The appeals court judges said there was a "triable question of fact" as to whether Monroe breached her duty to exercise due care by failing to follow up or investigate the steps the mother was or was not taking to protect her daughters from the abuse. The decision left it up to a jury to decide whether that failure was the "proximate cause" of the girls' injuries.

The jury of four men and four women that heard the case last month deliberated for just over seven hours before handing down their $11 million verdict against Monroe and Adirondack Internal Medicine.

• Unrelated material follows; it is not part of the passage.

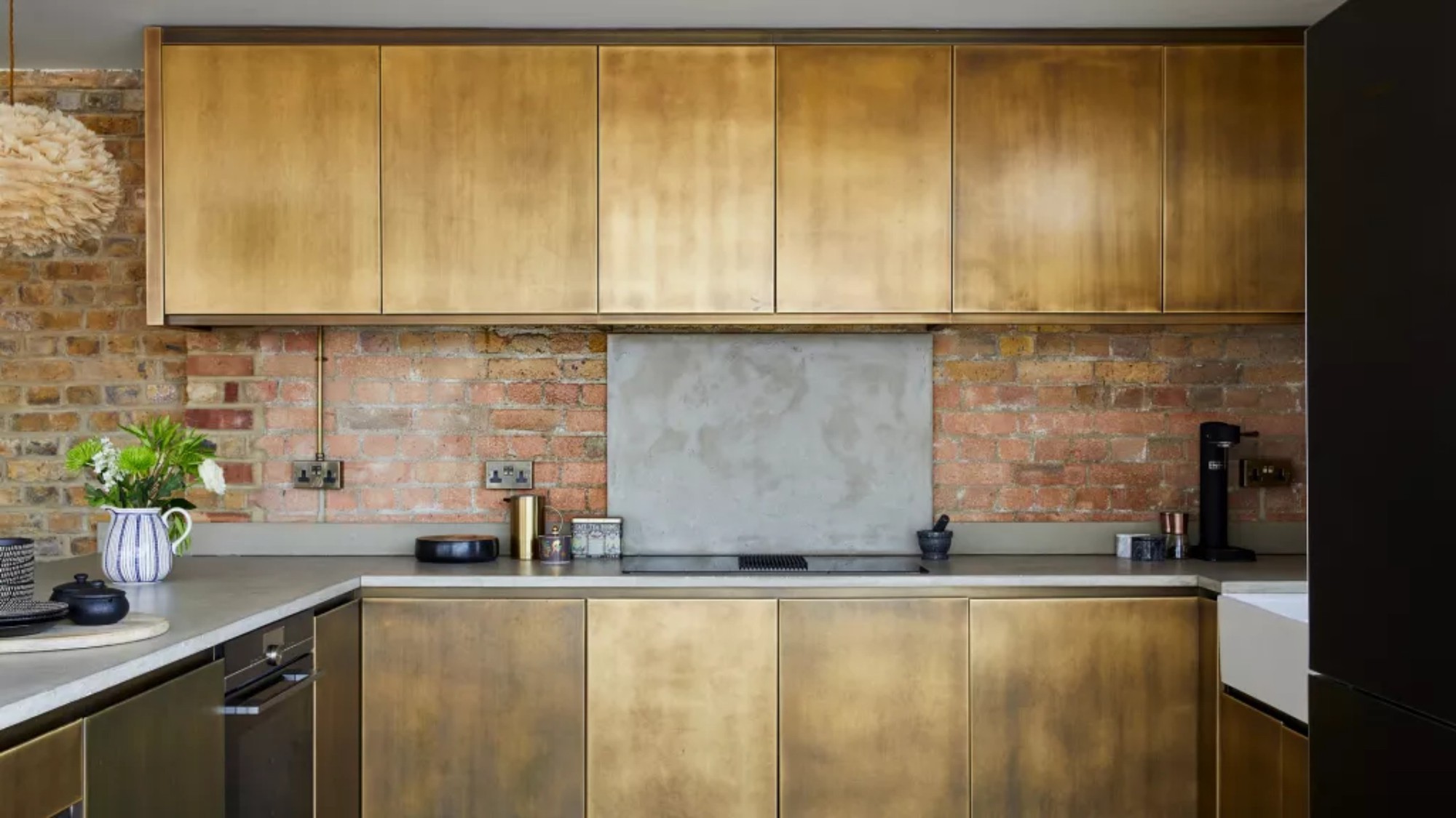 Tay nắm tủ bằng đồng, vòi bằng đồng và các phụ kiện có tone màu vàng như ấm đun nước và tủ đựng đồ để dễ dàng kết hợp những phần bổ sung tinh tế này vào không gian của bạn.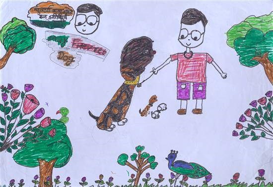 My pet Dog Shortlisted from Art contest no. 3 for all Ashramshalas Keywords: my pet dog , little boy , boy holded dog , roses , peacock , grass View Portfolio icon Share Facebook Twitter Whats App Pinterest Description -- Art Number 26662 Artwork Title My pet Dog Artist Name Suvarna Zugare Medium Sketch Pen on Paper Size 8.26 x 11.43 inches (20.9804 x 29.0322 cm) Information Suvarna Zugare (class 5), Shirol Ashramshala, Shahapur PO - Shortlisted from Art contest no. 3 for all Ashramshalas of Tribal Development Department, Govt. of Maharashtra

Butler said she was surprised.

"I was surprised they found any negligence, and then I was really flabbergasted by the amount," she said. "That's why New York state needs tort reform. These kind of verdicts are driving doctors out of the state."

Coffey said the girls were happy with the verdict.

"They want to move on," he said. "Do they want to be compensated, of course. But they never asked me how much money they're going to get. Money is not a big thing to these kids."

Coffey disputed claims made by some people that the girls' mother should have contacted police sooner.

"She didn't know about what was going on any more than anybody else," Coffey said.

Butler agreed.

"I don't think she would have consciously just let her son do that to her daughters," she said. "The person who did something wrong in this case was this teenage boy - not anybody else."

The girls' mother told the Post-Star that no amount of money could compensate her family for the "absolute nightmare" they've endured.

"Anybody who wants to spend a day in my shoes, I'd gladly let them," she said. "They couldn't give me $100 million to get me to go through this again."

The initial lawsuit, which was filed in 2002, named other defendants whom the girls' mother had contacted for help, including the Lake Placid Central School District, then-Lake Placid Middle/High School Principal Robert Schiller, then-school Psychologist Randy Quayle, Essex County, St. Agnes Parochial (Catholic) School and the Catholic Diocese of Ogdensburg. But those "mandated reporter" claims were ultimately dismissed.

Coffey said one of the biggest surprises to him was that Monroe's malpractice insurance company never came forward with an offer to settle the case.

"People will be complaining about the amount the jury awarded," he said. "But these are girls who were raped and sodomized. And nobody's asking why Monroe's insurance company let the case get this far without offering a settlement."

Coffey said the $11 million award is the largest medical malpractice verdict his law firm has ever won. Asked what his share will be, Coffey said he could get up to a third of the award, if the verdict is upheld.

"My guess is they're going to fight this as long as they can. They've shown no willingness to come in and discuss this."

Asked if an out-of-court settlement was ever pursued, Butler said, "There was some talk, but settlement negotiations never really got off the ground."

The Enterprise has withheld the names of the girls and their mother from this report because the newspaper does not identify the victims of sexual assault, directly or indirectly.